By the President of the United States Of America
A Proclamation
We do not truly know America until, in Whitman's phrase, we "hear America singing" singing not only the songs of concert stage and nightclub, choir loft and schoolroom, but also the earthy, emotion-packed melodies and lyrics that have come to be called "country."
At one time, that particularly rich and honest strain in the American musical tradition was largely confined to the geographic areas its name implies: the countryside and Western ranges of America's heartland. But half a century ago, in 1923, Fiddlin' John Carson broke through with the first widely popular country music recording, and since then records and the broadcast airwaves have been winning new audiences for country and Western music all over America and around the world—so that now the term describes not just a locale but a state of mind and style of taste, as much beloved downtown as on the farm.

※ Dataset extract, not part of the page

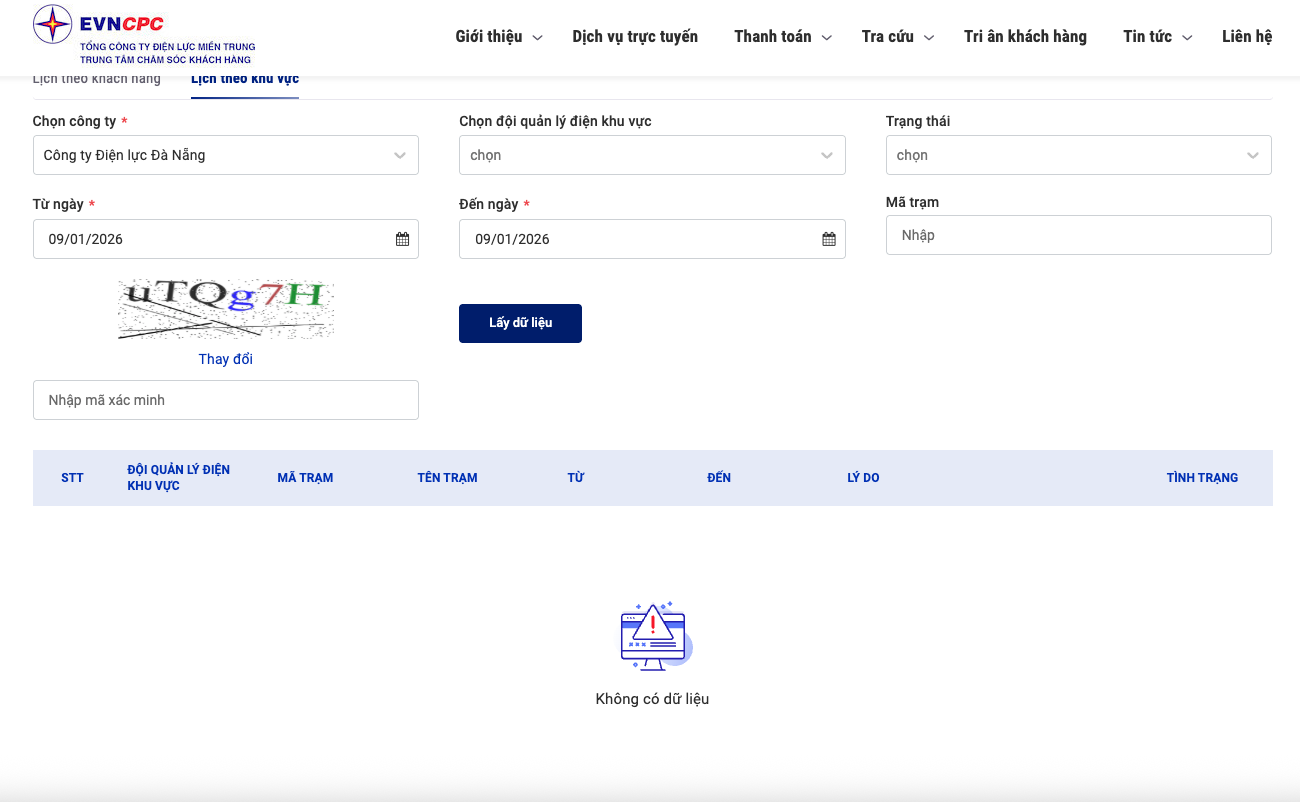 Lịch cắt điện tại Thành phố Đà Nẵng ngày mai 9/1/2026, cập nhật mới nhất vào ngày 8/1 từ website Tổng công ty Điện lực miền Trung. Ảnh: Bnews/vnanet.vn

Today, no matter where men and women happen to live, country music may be one of the truest voices speaking to and for them. All of us can better understand our Nation's head and heart by listening to "hear America singing" in that voice.
Now, Therefore, I, Richard Nixon, President of the United States of America, ask Americans to mark the month of October, 1973, with suitable observances as Country Music Month.
In Witness Whereof, I have hereunto set my hand this twenty-ninth day of September, in the year of our Lord nineteen hundred seventy-three, and of the Independence of the United States of America the one hundred ninety-eighth.